Developers use Claude, Cursor, Claude Code in coding contexts. They're already in their IDE. They're not switching to your web app to use your tool. They want it embedded in their existing workflow. They want it working via Zed’s ACP.
Enterprise uses Microsoft Copilot and Azure. They have compliance requirements, IT policies, existing contracts. They're not adopting some new platform. They want your functionality inside the tools they already approved.
Education uses Google Classroom with Gemini and Canvas LMS. Teachers and students aren't leaving those environments. They want your educational tool accessible where they already are.
Think about where your user interacts with your product. At their desk? Desktop apps, browser extensions. On mobile? iOS Shortcuts, Android App Actions. In their IDE? VSCode extensions, Claude Code. In workflow tools? Slack apps, Teams bots.
Find the appropriate platform ecosystem where your users live and build that integration well, then expand.
The pattern again
Ten years ago, I thought restaurants would want their own apps. But consumers didn't. Consumers went to platforms.
The insight wasn't wrong. Just one abstraction layer off.

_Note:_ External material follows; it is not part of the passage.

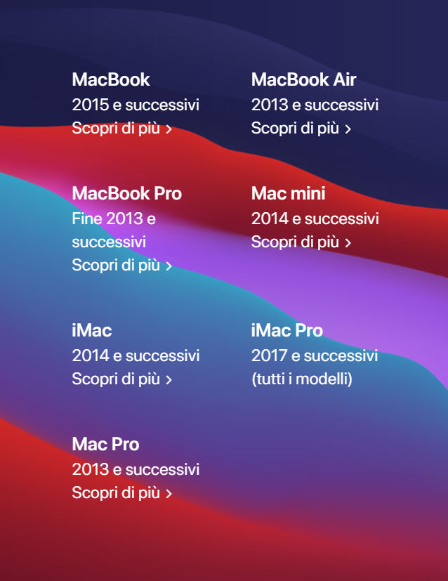 Tutti i Mac compatibili con macOS 11 Big Sur

Companies want their own AI chat experiences right now. They're building chat into their products. But users might just go to ChatGPT and Claude much like how they just open up GrubHub. The insight about customized experiences might be right. The execution via ChatGPT Apps, not your own chat, might be where it happens.
Ultimately, the lesson is to stay flexible, watch platform trends closely, and build with integration and defensibility in mind. The platform always wins—unless you find a way to win alongside it.